Rayah could be seen as the shy, laid-back one, and Rajah, perhaps, as the loud and eccentric sister.
Rajah — who said, "I was kinda the husky kid" — remembers giving her older sister piggyback rides since she was 3.
With the 'fro, she also brings the presence of a giant, but a very honest one.
The sisters are only one grade apart and are very witty and, maybe, even a little awkward — not that there's anything wrong with that.
As Black History Month continues to be celebrated throughout the country, Rayah and Rajah are very aware of incidents of racism and intolerance that have made the news in York County over the years.
But they don't let that change who they are.
The sisters, who are biracial, have made friends and are comfortable in Dover. Yes, people have shouted slurs at them, but they said they assume those people just didn't understand their background or who they were. The Fink sisters' mother is of African-American decent, and their father is Caucasian.
Their mother loves to challenge them during Black History Month by having them watch documentaries on their heritage.
Rayah, who was most recently inspired by a documentary about former President Barack Obama, said the film taught her to appreciate what she has.
Growing up in Dover, Rayah also sees it as "different," and it still bothers her sometimes because people expect the girls to be a certain way or talk a certain way.
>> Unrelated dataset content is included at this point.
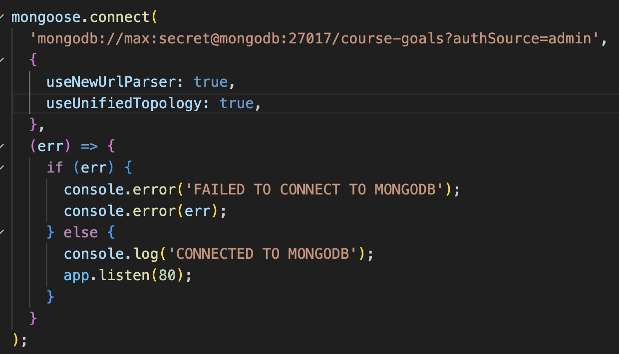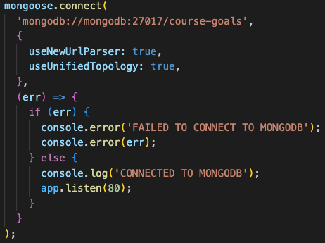 - 네트워크 통신을 위해 --network 플래그를 사용했기 때문에 'host.docker.internal' 대신 'mongodb'라는 mongoDB의 컨테이너 이름으로 설정하면 된다.

They often get the question, "Why do you talk so proper?" — as if all African-Americans are poor or grew up in a ghetto. Stereotypes might be typical, but the Fink sisters are unique and say they have always known everything to be mixed.
On the court, Rayah and Rajah, who each stand 5 feet, 10 inches, can be seen either slashing to the hoop or draining a 3-pointer.
Rayah, who used to be a point guard, said an injury helped her become a better shooter. Before tearing her ACL, she said with a giggle, "I could never shoot."
When asked who is the best point guard, Rayah pointed to her sister, "because she has more power on the court."
The sisters are each other's biggest boosters, and their family — including older brother Najah, a former Dover hoops star — also provides much support.
Rayah is undecided about the future after she graduates this year, but baby sister Rajah would love to play at Indiana State University, where her favorite player, Larry Bird, once ran the court.